Вниманию читателя предлагается первый и наиболее автобиографичный роман всемирно известного русско-американского писателя, одного из крупнейших прозаиков XX века, автора знаменитой «Лолиты» Владимира Набокова. «Машенька» (1926) – книга о «странностях воспоминанья», о прихотливом переплетении жизненных узоров прошлого и настоящего, о «восхитительном событии» воскрешения главным героем – живущим в Берлине русским эмигрантом Львом Ганиным – истории своей первой любви. Роман, действие которого охватывает всего шесть дней и в котором совсем немного персонажей, обретает эмоциональную пронзительность и смысловую глубину благодаря страстной силе ганинской (и авторской) памяти, верной иррациональным мгновениям прошлого.


Бледный огонь

Роман «Бледный огонь» Владимира Набокова, одно из самых неординарных произведений писателя, увидел свет в 1962 году. Выйдя из печати, «Бледный огонь» сразу попал в центр внимания американских и английских критиков.
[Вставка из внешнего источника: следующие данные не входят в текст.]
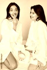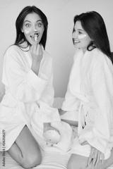 Two young joyful women with dark hair in white bathrobes sitting on bed with cosmetic mask on faces playfully looking in camera in modern hotel
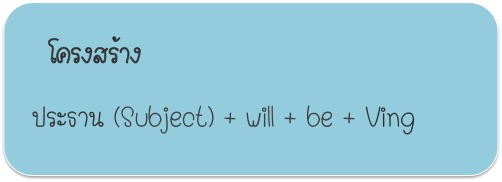 | Case 3 | ใช้เล่าถึงเหตุการณ์ในอนาคต 2 เหตุการณ์ที่เกิดขึ้นพร้อมกัน | ตัวอย่างเช่น She is going to be practicing piano and he is going be playing VDO game.
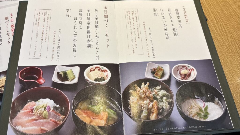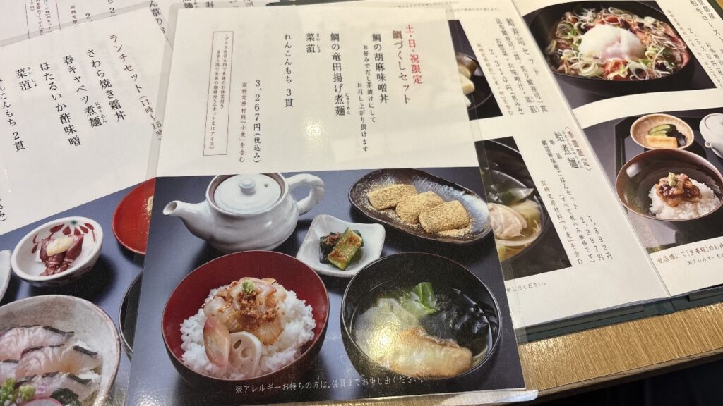 友人は、土日祝限定の鯛づくしセットにして、私は金目鯛づくしセットに決めてオーダー完了!
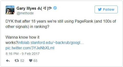 «А знаете ли вы, что после 18 лет мы все еще используем Google PageRank (и сотню других сигналов) в процессе формирования результатов поиска?».
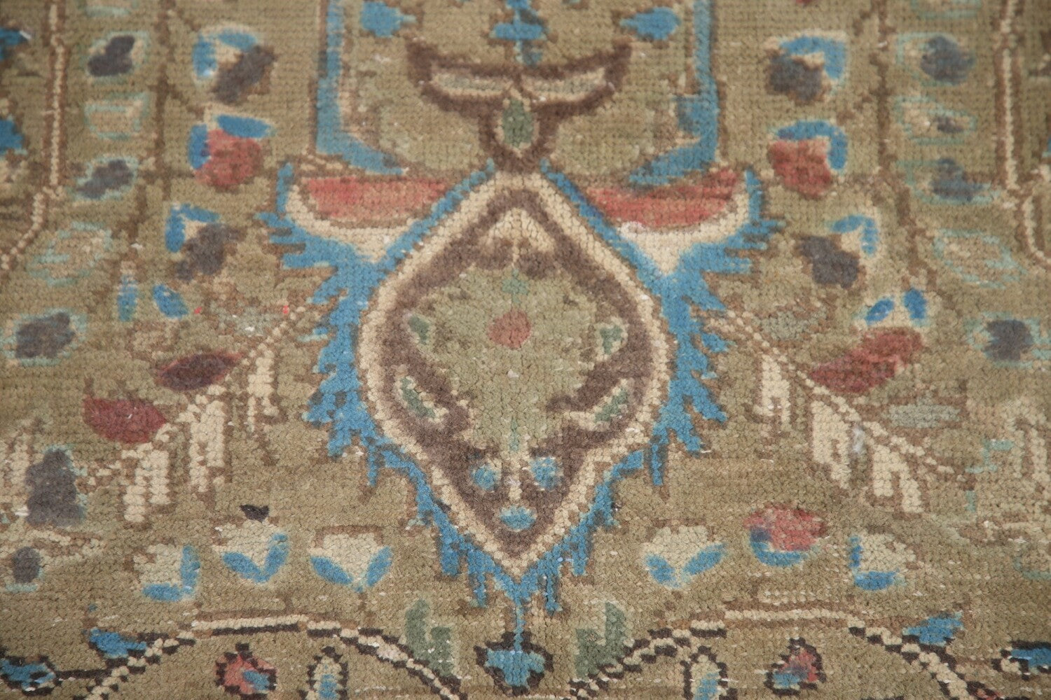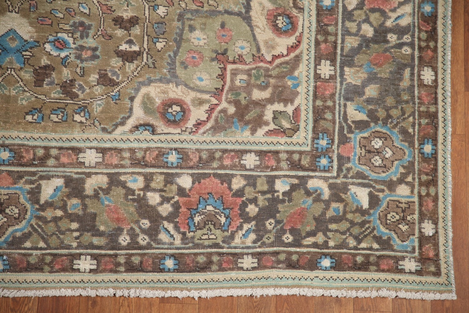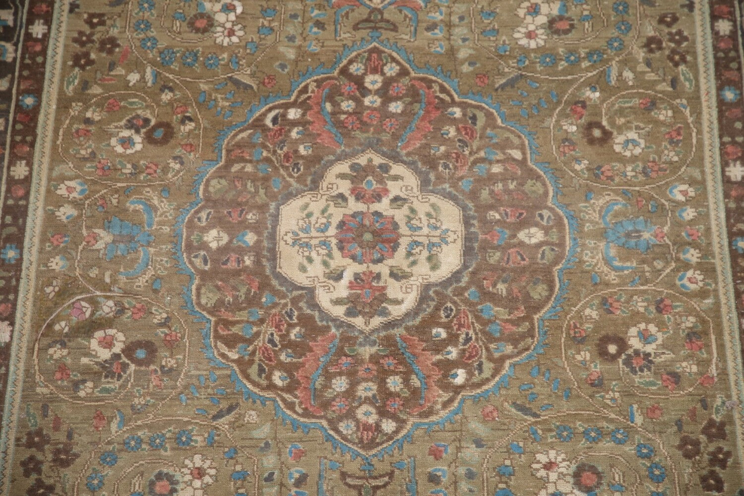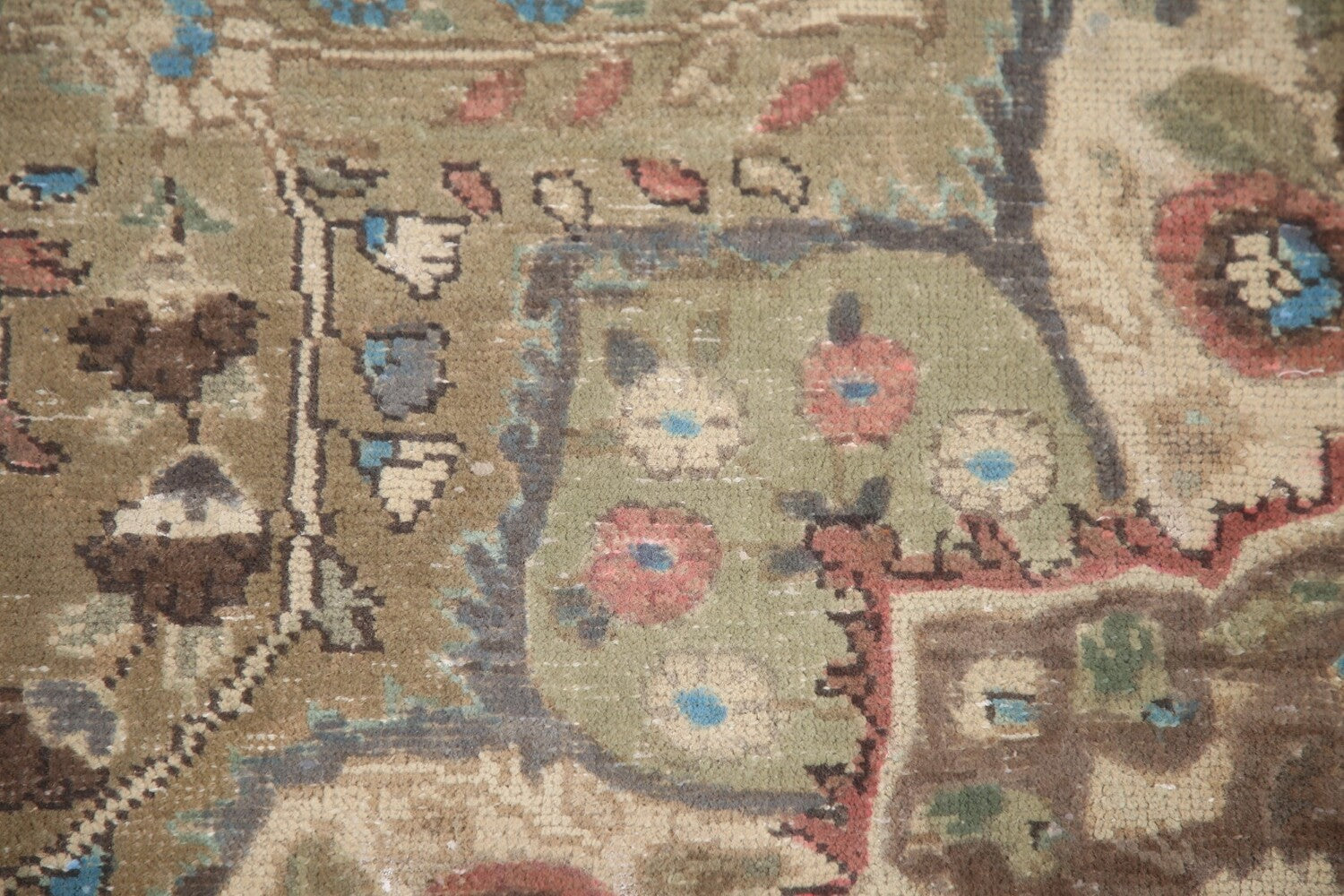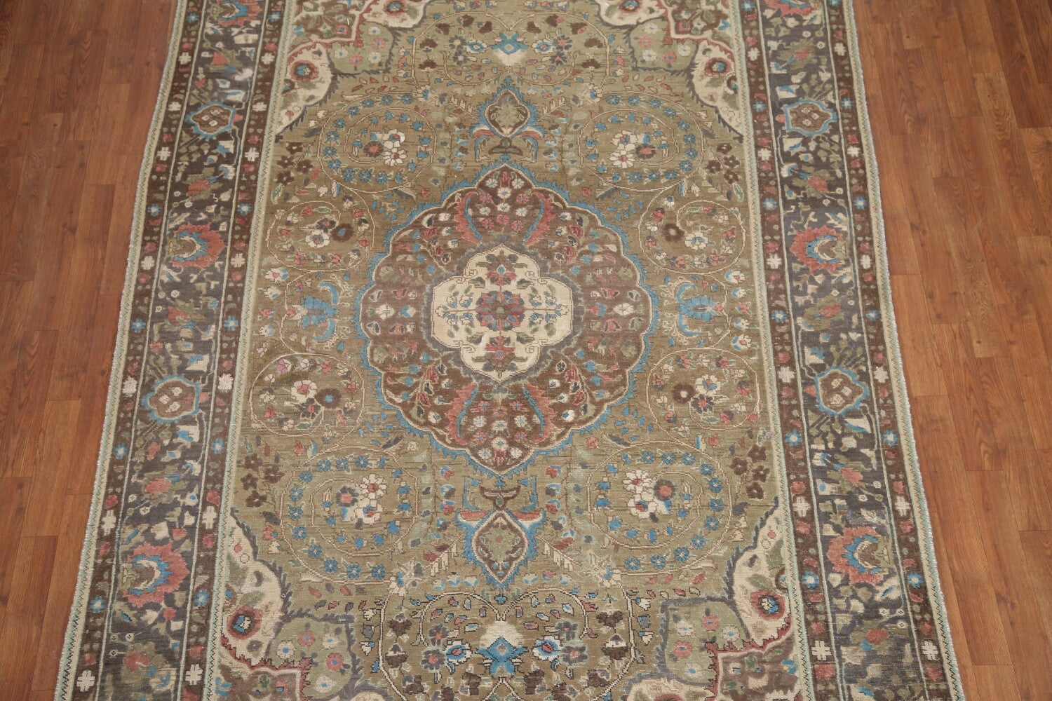 A Beautiful Genuine Persia ( Persia ) Tabriz rug is Hand Knotted by skillful weavers in Persia ( Persia ) with 100% Wool Material. This rug is in Very Good (Evenly Low Pile-Repair) condition. dimensions are 9' 5'' X 6' 4'' in foot and 287 X 193 in centimeter. the primary color is Green.
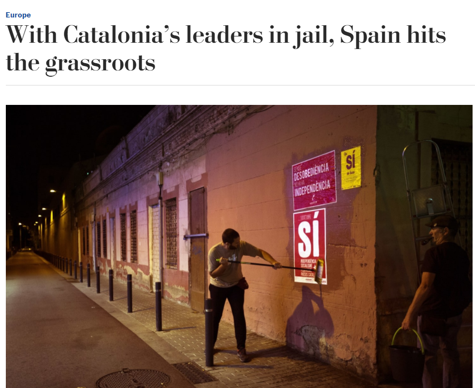 The Washington Post ha dedicado un artículo a describir qué son los CDR, y afirma que la persecución judicial que están sufriendo es un cambio de estrategia del poder español, que ahora se centraría en "atacar las bases independentistas". "Con los dirigentes de Catalunya en prisión, España golpea a las bases", titula el rotativo norteamericano.
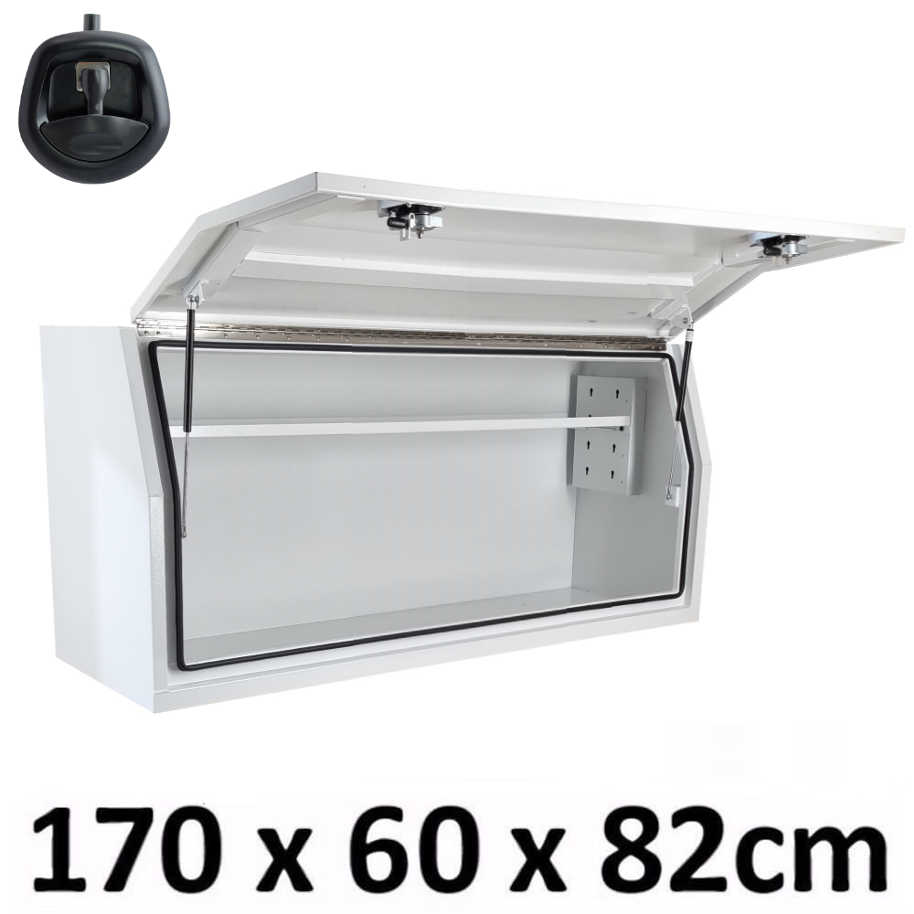 | This is designed to lock up your valuables, The Ute Tool box is hinged with Stainless Steel hinges with a Heavy Duty Whale Tail Lock with Spring Built into the lock to prevent Lock handle becoming lose With the Option to Padlock. Our Boxes are Water/Dust Resistant with Fully welding seams. Our toolboxes are built to the highest quality. Contact us today: 1300 026 937 | |

Далеко не все из них по достоинству оценили новаторство писателя и разглядели за усложненной формой глубинную философскую суть его произведения, в котором раскрывается трагедия отчужденного от мира человеческого «я» и исследуются проблемы соотношения творческой фантазии и безумия, вымысла и реальности, временного и вечного.


Король, дама, валет

«Король, дама, валет» (1928) – первый из трех романов Владимира Набокова на «немецкую» тему, за которым немного позднее последовали «Камера обскура» и «Отчаяние». В хитросплетениях любовно-криминальной интриги перетасовываются, словно игральные карты, судьбы удачливого берлинского коммерсанта, его скучающей жены и полунищего племянника-провинциала – марионеток слепого, безжалостного в своем выборе случая. За перипетиями детективного сюжета угадывается властная рука ироничного, виртуозного, неумолимо воздающего каждому по заслугам автора – будущего создателя «Защиты Лужина», «Дара», «Ады» и «Лолиты».